The Sky May Be the Limit As Interest Rate Caps Keep Rising

Developers and investors have to find different ways to swing finances.

Interest rate hikes have been taking a toll on commercial real estate, especially as interest rate caps become expensive enough to kill deals. Grant Cardone, CEO of Cardone Capital, told GlobeSt.com a month ago, “In the last 18 days, I had about a billion dollars of real estate I was trying to buy [fall through]” because of the financing realities.

But what’s happened since? More of the same, when it comes to financial conditions, and it’s frustrating for many.

The Fed has over-corrected when it comes to raising rates,” Meg Epstein, CEO and founder of CA South in Nashville, says. “They could raise them to 8% tomorrow and it wouldn’t make the next set of inflation numbers come in any lower because inflation is a lagging indicator. They’ve already tightened enough to dramatically reduce demand and dampen prices.  It will just take time for it to show up in their numbers. Meanwhile, the Fed will continue to tighten and inevitably will over-correct, just like they over-stimulated after the economy was already well underway to recovering.”

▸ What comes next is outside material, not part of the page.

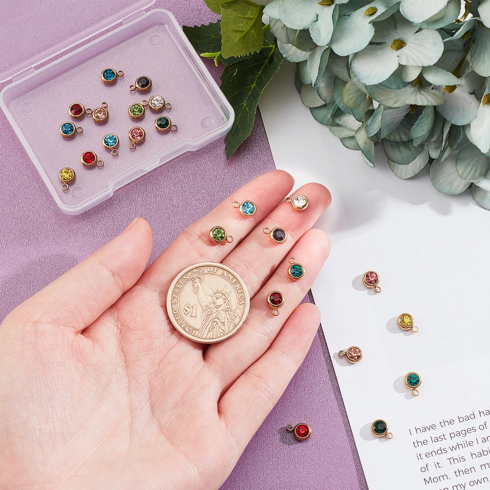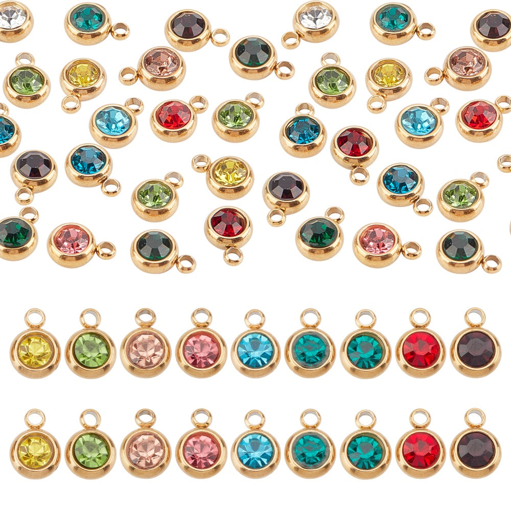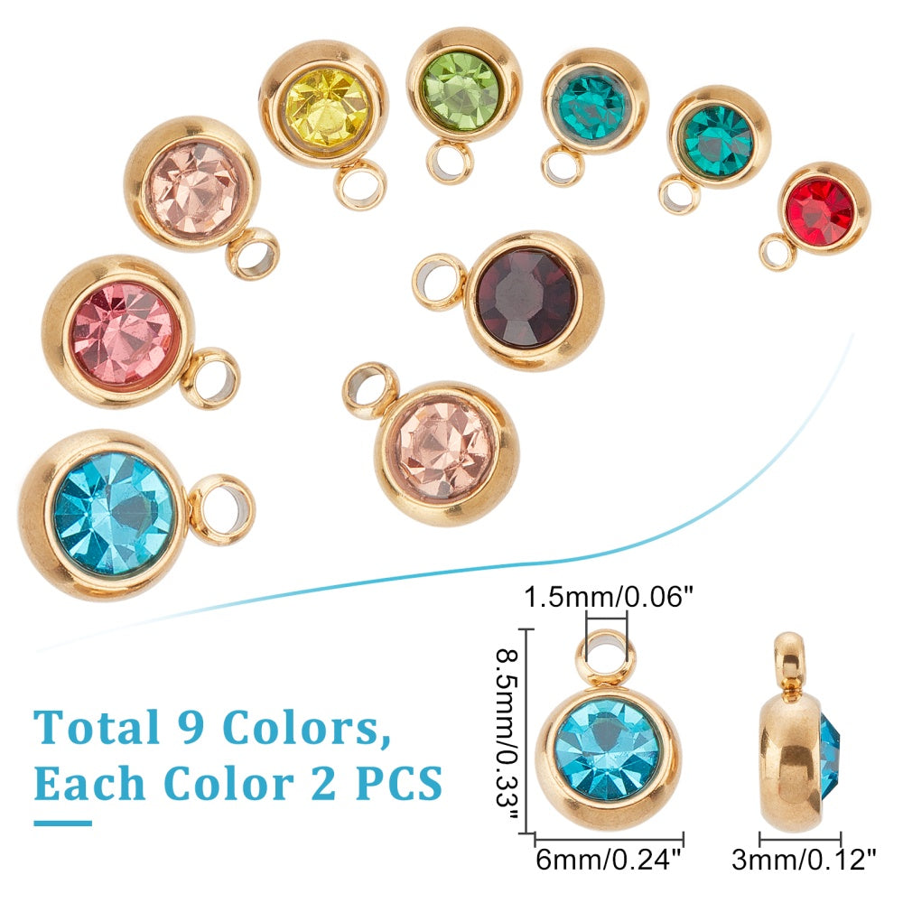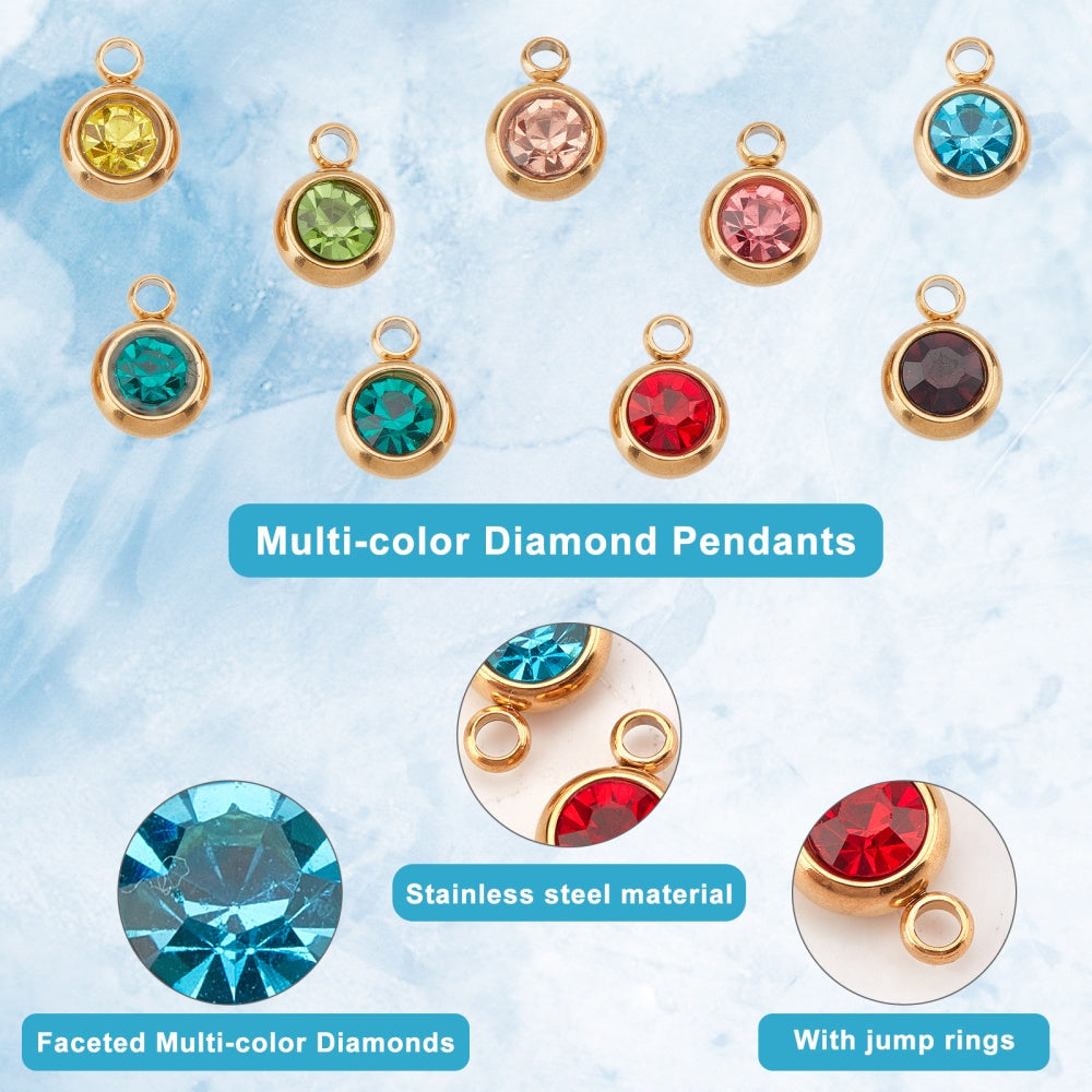 Enhance your DIY jewelry making with this set of 24 rhinestone charms in 12 vibrant colors. Perfect for necklaces and bracelets.
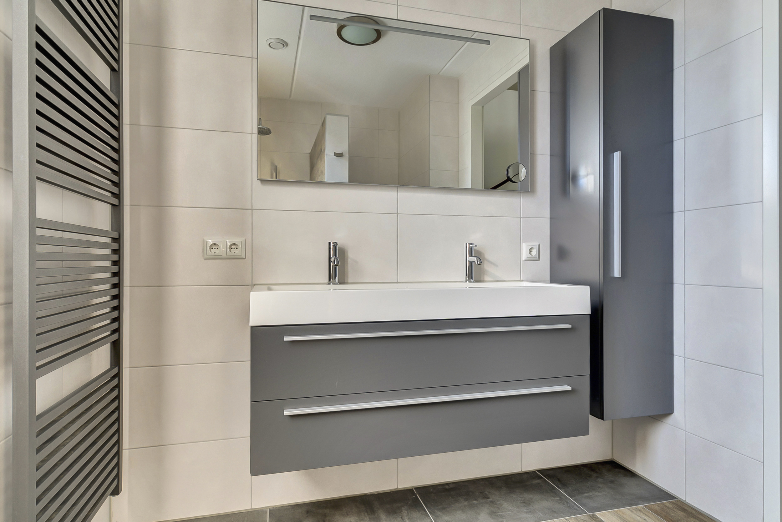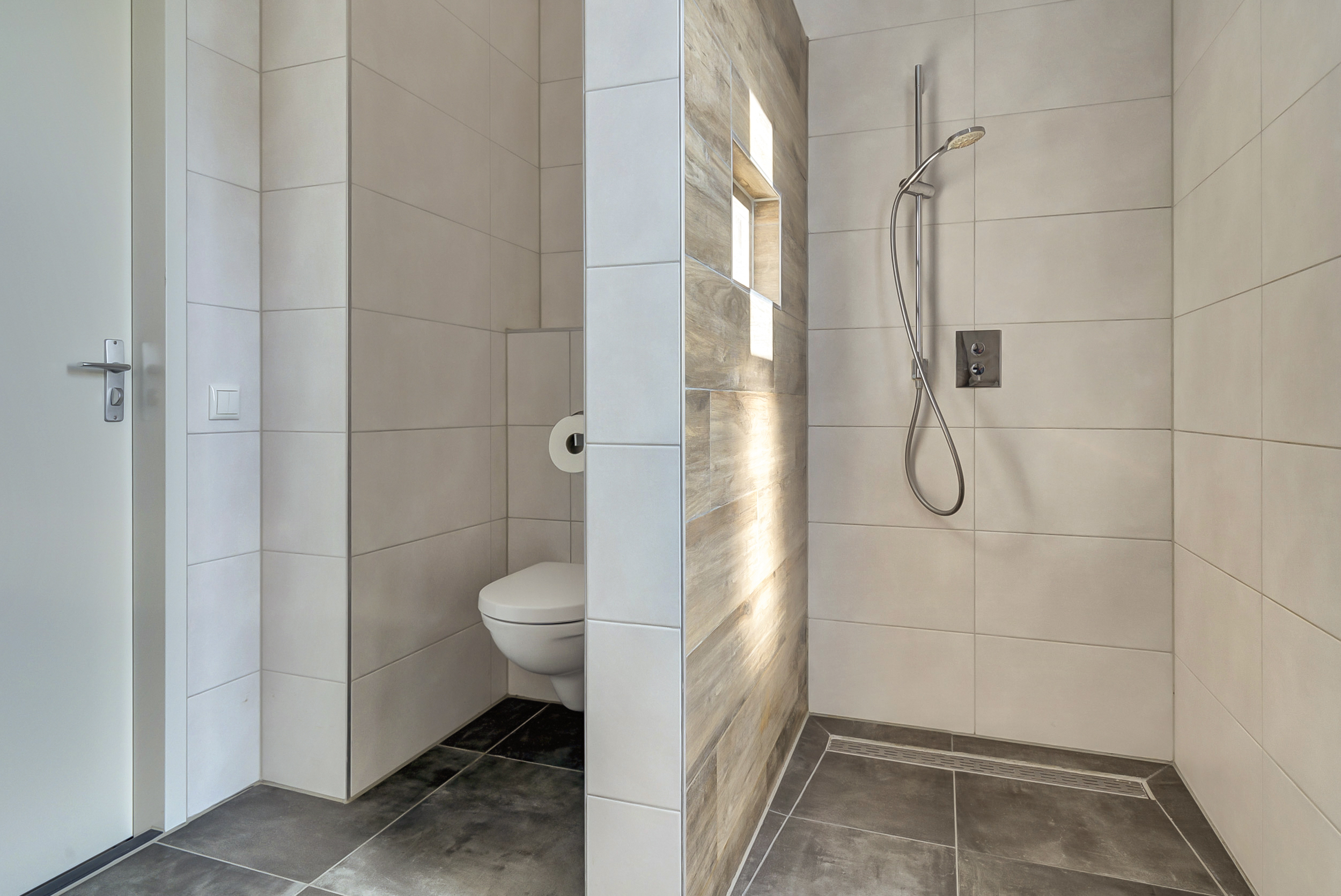 De badkamer is modern en compleet ingericht met een inloopdouche, een wastafel met meubel en een tweede toilet. Ook hier profiteer je van comfortabele vloerverwarming.

“Rates have moved up over the past 30 days, impacting cap prices and we continue to see interest rate fluctuation,” Sean Burton, CEO of Cityview, tells GlobeSt.com. “In light of current uncertainty, we like many others have tightened our underwriting and are being that much more selective with our deals.” There are still “select attractive buying opportunities” but they need “strong projected risk-adjusted returns.”

“The interest rate cap costs have escalated sharply over the last couple months and the trend continues,” says Adil Hasan, director of real estate at Yieldstreet. “We are seeing a significant slowdown in deal volume as potential buyers can’t justify the prices in the face of higher interest rates and cap costs, while the sellers are slow to accept the price reduction.”

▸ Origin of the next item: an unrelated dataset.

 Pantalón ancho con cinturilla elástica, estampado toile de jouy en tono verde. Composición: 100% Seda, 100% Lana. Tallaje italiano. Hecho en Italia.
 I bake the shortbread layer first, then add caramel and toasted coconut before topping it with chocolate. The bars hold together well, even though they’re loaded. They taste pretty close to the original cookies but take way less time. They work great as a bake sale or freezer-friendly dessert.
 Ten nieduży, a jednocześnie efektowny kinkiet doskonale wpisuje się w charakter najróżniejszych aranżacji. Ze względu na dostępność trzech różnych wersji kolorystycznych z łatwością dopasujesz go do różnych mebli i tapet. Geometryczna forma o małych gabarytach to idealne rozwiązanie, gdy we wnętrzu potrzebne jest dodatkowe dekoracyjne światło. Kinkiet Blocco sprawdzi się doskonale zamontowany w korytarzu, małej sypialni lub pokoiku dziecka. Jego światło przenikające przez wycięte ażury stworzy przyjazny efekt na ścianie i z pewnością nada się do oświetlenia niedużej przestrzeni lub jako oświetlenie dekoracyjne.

“Everyone is waiting for the cap rates to go up and the prices to go down,” says Joshua Mogin, a partner with Thompson Coburn. “I had a couple of deals go down because the buyers said you have to come down in price and the sellers said no.”

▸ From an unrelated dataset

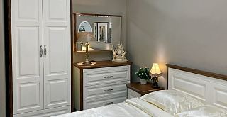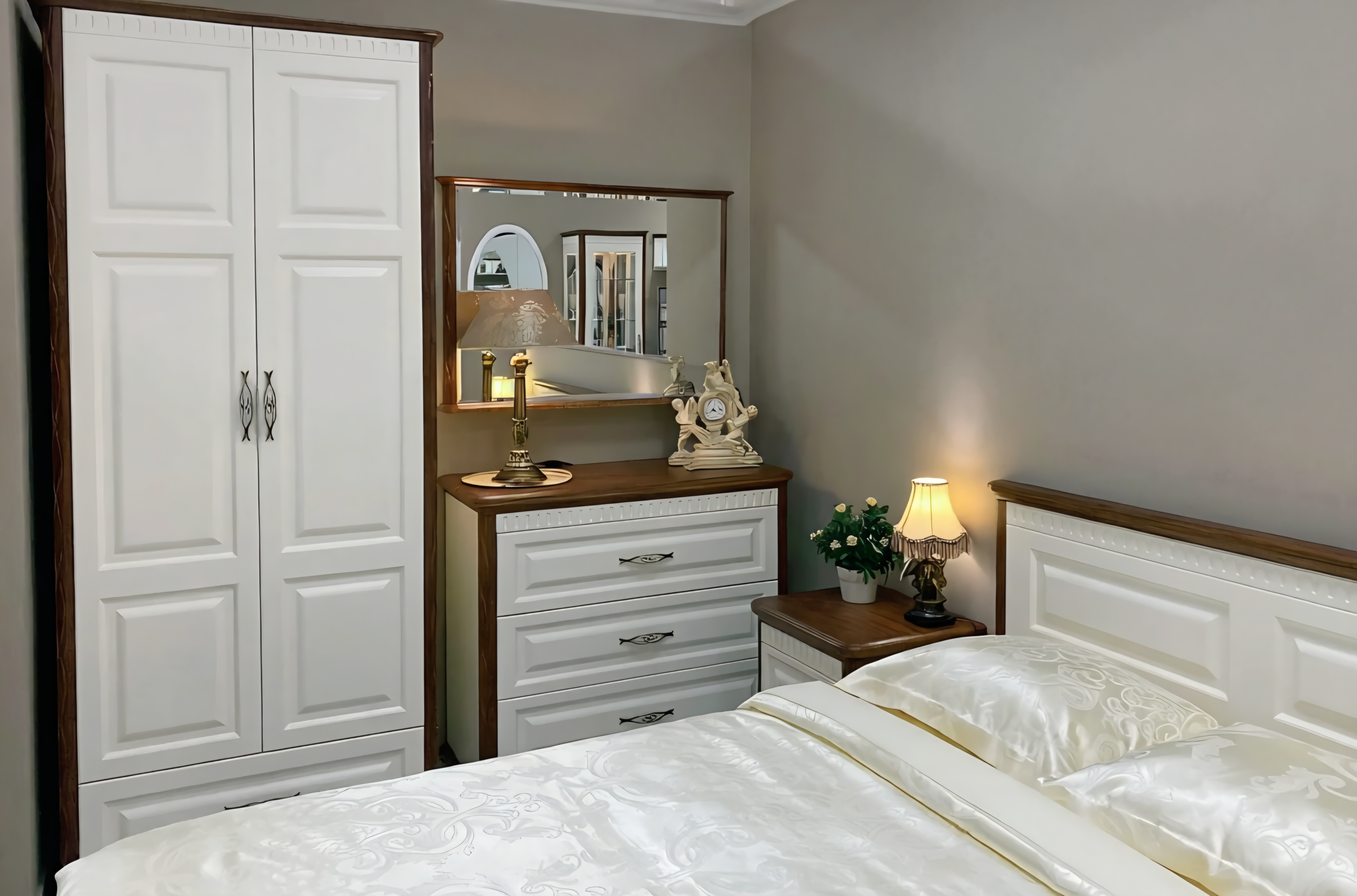 Коллекция Марсель сочетает древесную структуру дуба кантри и нежный кремовый оттенок. Лаконичный дизайн подчёркивает современный стиль, а вместительные шкафы с системой плавного закрывания и ящики с направляющими Quadro Hettich обеспечивают удобство и долговечность. Дополнительный модуль‑ящик для кровати увеличивает пространство для хранения, а витрины с фацетом добавляют визуальный акцент.

Many lenders Joshua Mogin deals with are adjusting their plans. “It’s kind of like a smorgasbord of what different lenders are doing,” he says. “A lot of the debt fund lenders are incorporating programs with some sort of intervals of rate adjustment, and those are bridge loans.” Rather than a straight 7% or 8% arrangement, they will agree to 7% but then look for an adjustment in six months to a year. “Some big borrowers in the last month were buying large amounts of hedges, but those are significant players that can afford to do that and are willing to spend that money.”

And then there are the banks. “A lot of banks put out so much money in the first six months have already done what they did last year, or in the neighborhood,” Mogin says. “Nobody feels pressure to keep making loans at necessarily that level.”